RFC: Change indexing on string object to error for unknown keys

This commit is contained in:
Arseny Kapoulkine 2021-09-27 18:41:27 -07:00 committed by GitHub
parent 43b803b267
commit 50a124ca31
Signed by: DevComp
GPG key ID: 4AEE18F83AFDEB23

View file

@ -0,0 +1,99 @@
# Change indexing on string object to error for unknown keys
## Summary
Instead of indexing on string objects returning `nil` for keys that aren't methods on the `string` global, emit an error to surface a likely bug early.
## Motivation
string is the only non-primitive type, other than tables, that supports indexing by default. This depends on the host configuration, but by default all versions of Lua and Luau
configure the global metatable for string type to be `{ __index = string }`, where `string` here is the global string function table, containing methods such as `format` and `sub`.
This is necessary to support method calls[^1] on string objects, such as `("%d"):format(42)`. As a byproduct of metatable lookup rules, it also means that using a key that doesn't
exist in the `string` global table results in `nil` being returned.

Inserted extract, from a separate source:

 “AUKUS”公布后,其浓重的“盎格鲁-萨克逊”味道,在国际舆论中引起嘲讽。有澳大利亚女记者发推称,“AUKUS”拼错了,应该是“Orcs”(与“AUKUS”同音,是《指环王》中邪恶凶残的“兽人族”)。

This is problematic, because this hides errors from people who a new to the language when they try to index a string using numbers:
```lua
local ch = str[2] -- returns nil; instead this should be str:sub(2) or str:byte(2)
```
as well as making accidental errors when traversing data structures more difficult to discover:
```lua
if player.Name and player.Name.Health > 100 then -- meant to use player.Health, now this condition is always false
...
end
```
When type checking is used, it should be able to surface both kinds of errors, but especially in non-strict mode there are often cases when type checking doesn't know the
type of an object being indexed, and can't therefore emit an error.
## Design
Right now the global metatable for string type is set to `{ __index = string }`. This means that indexing of strings is forwarded to string global, which returns nil on keys that
aren't present.
Instead, we're going to use a chain of two metatables like this (pseudocode):
```lua
-- variant 1
MT1 = { __index = MT2 }
MT2 = { ...string fields } with metatable MT3
MT3 = { __index = noindex }
noindex = function() error("indexing is not supported on strings") end
```
As a result, all lookups will go to MT2 instead of string global, and if they use a valid method name, it's going to be found in the table, but unknown keys will trigger a
second-level metatable lookup which will call `noindex` function, producing an error.

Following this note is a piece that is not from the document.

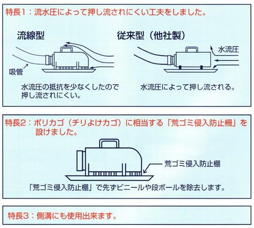 ●わずか5cmの水深で吸水出来ます。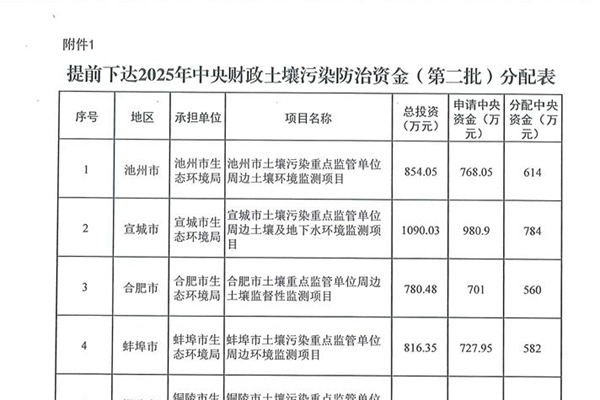 合计10138万元,安徽提前下达2批2025年中央财政土壤污染防治资金

As a result, some programs may change behavior and start generating errors when previously they produced `nil`. The premise of this proposal is that code like this likely
is incorrect to begin with, and the error is just being hidden.
Note that the pseudo-code above is a sketch that is easy to understand, but in practice there's two alternative formulations where one of the tables uses itself as a metatable:
```lua
-- potentially more efficient variant 2
MT1 = { ... string fields, __index = MT2 } with metatable MT1
MT2 = { __index = noindex }
-- potentially more efficient variant 3
MT1 = { __index = MT2 }
MT2 = { ... string fields, __index = noindex } with metatable MT2
```
It is likely that variant 2 is the most efficient one because it results in just a single table (MT1) being accessed on fast paths, but we will use whichever variant
ends up being faster in practice.
## Drawbacks
This change technically breaks backwards compatibility, because it renders technically valid programs invalid. For example, this code works as long as the input is a table
or a string today, but will break after this change:
```
function kind(v)
return v.kind and v.kind or tostring(v)
end
```
This change makes the core object structure slightly more complicated because instead of just a single hidden metatable on strings we get two.

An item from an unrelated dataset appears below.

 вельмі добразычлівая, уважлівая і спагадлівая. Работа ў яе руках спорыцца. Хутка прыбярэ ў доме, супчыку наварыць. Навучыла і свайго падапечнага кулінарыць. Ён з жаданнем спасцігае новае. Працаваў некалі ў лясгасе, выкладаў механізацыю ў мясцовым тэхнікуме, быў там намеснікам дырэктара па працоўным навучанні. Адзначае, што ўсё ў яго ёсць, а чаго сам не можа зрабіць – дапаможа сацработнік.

This change means that if the embedder customizes the string global table, all the additions must be replicated manually in the extra hidden metatable, which complicates the setup.
## Alternatives
Besides the obvious alternative, which is "do nothing", a variant of this change that was at some point [present in the upstream code](https://github.com/lua/lua/commit/8980c630bf40e05dad71ded377e3d0f0a17b076c), but was removed before being released in any
point release, was considered: instead of adding extra metatables, `string` global could gain a `__index` key (referring to `noindex`) and set itself as its own metatable.
This change is easier mechanically since it doesn't have some drawbacks of this proposal (keeps structure easier to understand and is transparently compatible with extensions to string table),
but in addition to changing semantics on string object lookup it also changes it for lookups to string global, which means that code like this is no longer valid:
```
if string.pack then
... -- code compatible with Lua 5.3 / Luau
end
```
As such this alternative is believed to be more surprising than the proposed design.
[^1]: It's unfortunate that this feature was added to Lua decades ago, but it's so fundamental that removing it will break most programs in existence.